▶ [Data to examine]:
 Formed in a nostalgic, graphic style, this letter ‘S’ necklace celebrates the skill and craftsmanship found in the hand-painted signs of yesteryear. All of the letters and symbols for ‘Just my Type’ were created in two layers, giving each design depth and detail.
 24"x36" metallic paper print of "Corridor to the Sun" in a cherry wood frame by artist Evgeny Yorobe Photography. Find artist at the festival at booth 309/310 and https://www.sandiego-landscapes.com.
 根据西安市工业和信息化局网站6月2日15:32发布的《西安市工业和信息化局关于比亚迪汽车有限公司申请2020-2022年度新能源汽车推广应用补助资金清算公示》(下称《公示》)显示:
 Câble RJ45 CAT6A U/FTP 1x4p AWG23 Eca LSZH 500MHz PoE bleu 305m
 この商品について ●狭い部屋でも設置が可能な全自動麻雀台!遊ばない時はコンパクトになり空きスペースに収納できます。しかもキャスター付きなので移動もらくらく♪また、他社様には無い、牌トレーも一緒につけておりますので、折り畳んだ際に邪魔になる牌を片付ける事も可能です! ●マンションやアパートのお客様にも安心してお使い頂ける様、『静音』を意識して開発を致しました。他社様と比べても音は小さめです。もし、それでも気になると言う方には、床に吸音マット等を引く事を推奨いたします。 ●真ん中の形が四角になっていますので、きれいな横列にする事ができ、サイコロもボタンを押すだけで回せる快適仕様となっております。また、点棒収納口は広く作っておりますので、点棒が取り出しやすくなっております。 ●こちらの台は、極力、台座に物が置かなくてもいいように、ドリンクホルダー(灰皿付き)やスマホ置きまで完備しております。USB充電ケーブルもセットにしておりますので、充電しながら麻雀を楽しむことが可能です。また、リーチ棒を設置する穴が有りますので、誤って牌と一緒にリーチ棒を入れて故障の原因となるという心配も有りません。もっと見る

---

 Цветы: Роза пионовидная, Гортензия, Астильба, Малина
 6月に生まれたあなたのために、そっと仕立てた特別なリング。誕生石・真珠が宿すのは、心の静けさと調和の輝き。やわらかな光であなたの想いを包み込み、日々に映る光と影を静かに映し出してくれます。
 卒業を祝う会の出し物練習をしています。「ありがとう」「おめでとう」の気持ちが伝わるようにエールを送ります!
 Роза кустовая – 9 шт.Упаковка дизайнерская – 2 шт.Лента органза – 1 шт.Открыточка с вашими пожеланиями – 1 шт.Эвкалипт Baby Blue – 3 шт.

==

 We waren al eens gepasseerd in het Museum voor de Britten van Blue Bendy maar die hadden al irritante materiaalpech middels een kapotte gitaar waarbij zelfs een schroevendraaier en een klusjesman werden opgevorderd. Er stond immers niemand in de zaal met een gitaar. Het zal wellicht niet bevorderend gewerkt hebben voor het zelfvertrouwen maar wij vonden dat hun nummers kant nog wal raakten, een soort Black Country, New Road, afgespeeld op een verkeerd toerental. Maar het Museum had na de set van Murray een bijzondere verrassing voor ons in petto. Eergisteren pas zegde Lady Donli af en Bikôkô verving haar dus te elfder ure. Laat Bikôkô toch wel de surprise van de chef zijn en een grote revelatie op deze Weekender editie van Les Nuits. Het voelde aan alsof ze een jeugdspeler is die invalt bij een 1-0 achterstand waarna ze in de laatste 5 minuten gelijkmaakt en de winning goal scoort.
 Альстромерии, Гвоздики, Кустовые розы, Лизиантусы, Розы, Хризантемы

▶ [What this task involves]:
The answer is the lines above between the line holding "根据西安市工业和信息化局网站" and the line holding "Câble RJ45 CAT6A", inclusive, each written out exactly, and no others.

▶ [Finished exercise]:
 根据西安市工业和信息化局网站6月2日15:32发布的《西安市工业和信息化局关于比亚迪汽车有限公司申请2020-2022年度新能源汽车推广应用补助资金清算公示》(下称《公示》)显示:
 Câble RJ45 CAT6A U/FTP 1x4p AWG23 Eca LSZH 500MHz PoE bleu 305m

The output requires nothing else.